Note: We defined the get_protocol_type function to define the protocol type.

In this example of update_status we read more data from the payload and we decode the write single register request. We can understand the direction of the communication so we call is_packet_from_src_to_dst with true to notify Guardian and create a link and we call set_roles to set the roles on the involved nodes.

To insert a variable in Guardian there is the execute_update_with_variable function, it takes 4 arguments: the function code, the rtu id, the variable name and the value. The FunctionCode and RtuId objects can be constructed from a string or a number, the DataValue object can be constructed with the empty constructor and then filled with the available information.

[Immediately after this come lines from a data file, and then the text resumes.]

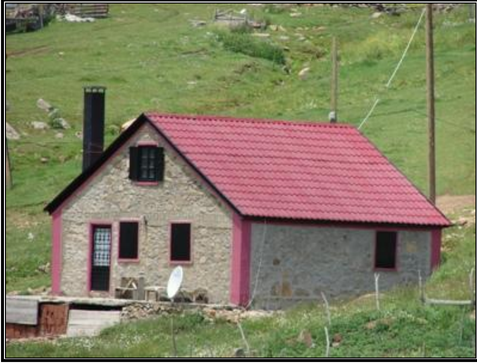
Fotoğraf 6. Çağdaş meskenler daha çok dinlenme amacıyla kullanılmaktadır.

Araştırma sahasındaki yaylalarda büyük oranda sığır besiciliği gelişmiştir. Bunun yanında küçükbaş hayvanlardan koyun yetiştiriciliği son derece sınırlıdır. Böyle olmakla birlikte sığır besiciliğinin de her geçen gün azaldığı, arazi gözlemleri ve mülakatlar neticesinde tespit edilmiştir. Nitekim geçmiş dönemlerde yaylacı ailelerin geçimlerini büyük ölçüde hayvan besiciliği ve çeşitli hayvansal ürünler oluşturmaktaydı. Günümüzde ise yaylacı ailelerin ortalama 3-5 büyükbaş hayvan besledikleri dikkati çekmektedir. Bütün bunlar yörede hayvancılık eksenli geleneksel yaylacılık faaliyetinin büyük ölçüde önemini yitirdiğini göstermektedir. Az sayıdaki aile, kısmen kendi ihtiyaçları için hayvancılık ekonomisini sürdürmekle birlikte ticarî amaçlı hayvancılık neredeyse ortadan kalkmıştır. Hayvancılıkla uğraşan yaylacılar için kışlık kuru çayır üretimi önemli bir ekonomik faaliyettir. Doğu Karadeniz kıyı kuşağının hemen bütünüyle tarımsal alanlara dönüştürülmüş olması, çayır üretimi açısından yaylaları ön plâna çıkarmıştır. Bunun dışında yayla meskenlerinin yakınında karalâhana, patates, marul ve yeşil soğan gibi tarımsal üretim de yapılmaktadır. Ancak bu faaliyetin ticari bir boyut taşımayacak kadar sınırlı olduğunu belirtmek gerekir.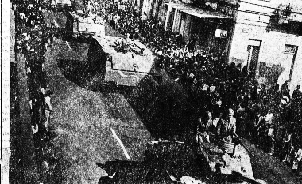
'Επιβλητική όπως πάντα ήταν στην παρέρηση η εμφάνιση των μηχανοκίνητων και πεζοπό- ρων τμημάτων των 'Ενόπλων Δυνάμεων

διαμνημόνευτος για τό γνωστό έξιμα τού καταρτίσιμου τού επι- μου πρωτοκόλλου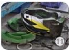
semi-finished In-mold helmet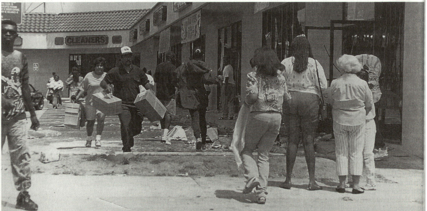
Abb. 1: Nach dem Freispruch von vier Polizisten durch ein kalifornisches Gericht brachen derart massive Krawalle und Plünderungen aus, dass sich der Gouverneur gezwungen sah, die Nationalgarde einzusetzen. Bild: Plünderer beim Ausrauben von Geschäften in Los Angeles am 30. April 1992.

Die Ermittlung der Ausbildungsbedürfnisse für Verbände, die im Bereich Existenzsicherung erfolgreich eingesetzt werden können, folgt nach klarer Ausscheidung der zu lösenden Aufgaben.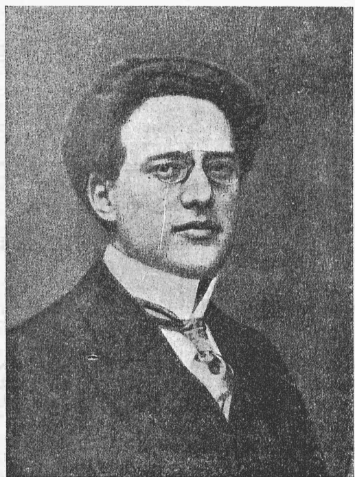
Дирижеръ Гр. Фительбергъ. (Къ сезону симфоническихъ концертовъ въ театрѣ Музыкальной драмы).

Увеличенїе бюджета театровъ въ смыслѣ повышенїа окладовъ для тѣхъ, кто получалъ ничтожное содержанїе, было необходимою, чтобы хоть нѣсколько сгладить неравенство въ распредѣленїи этихъ окладовъ. Отстранить

With the next example we cover a more complex case and we store some data in the session to handle a request and a response:

local PENDING_FC = 1
local PENDING_START_ADDR = 2
local PENDING_REG_COUNT = 3

function update_status()
  if not is_modbus() then
    return
  end

  rwd()

  local is_request = packet.destination_port() == 502
  local transaction_id = consume_n_uint16()
  fwd(4)

  local rtu_id = consume_uint8()
  local fc = consume_uint8() & 0x7f

  if is_request then
    is_packet_from_src_to_dst(true)
    set_roles("consumer", "producer")
    session.set_pending_request_number(transaction_id, PENDING_FC, fc)

    if fc == 3 then
      if remaining_size() < 4 then
        return
      end

      local start_addr = consume_n_uint16()
      local registers_count = consume_n_uint16()

      session.set_pending_request_number(transaction_id, PENDING_START_ADDR, start_addr)
      session.set_pending_request_number(transaction_id, PENDING_REG_COUNT, registers_count)
    end
  else
    is_packet_from_src_to_dst(false)
    local req_fc = session.read_pending_request_number(transaction_id, PENDING_FC)

    if fc == req_fc then
      if fc == 3 then
        local start_addr = session.read_pending_request_number(transaction_id, PENDING_START_ADDR)
        local reg_count = session.read_pending_request_number(transaction_id, PENDING_REG_COUNT)
        session.close_pending_request(transaction_id)

        if remaining_size() < 1 then
          return
        end

        local byte_count = consume_uint8()

        if remaining_size() ~= byte_count or
           reg_count * 2 ~= remaining_size() then
          send_alert_malformed_packet("Packet is too small")
          return
        end

        for i = 0, reg_count - 1, 1 do
          local value = DataValue.new()
          value.value = consume_n_uint16()
          value.cause = DataCause.READ_SCAN
          value.type = DataType.ANALOG
          value.time = packet.time()

          execute_update_with_variable(FunctionCode.new(fc),
                         RtuId.new(rtu_id),
                         "r"..tostring(start_addr+i),
                         value)
        end

        return
      end
    end
  end

  execute_update()
end

This time we are focusing on the read holding register function code, to understand the communication and create a variable we need to analyze both the request and the response and we need to keep some data from the request and use it in the response. To achieve this we can use the functions provided by the session object.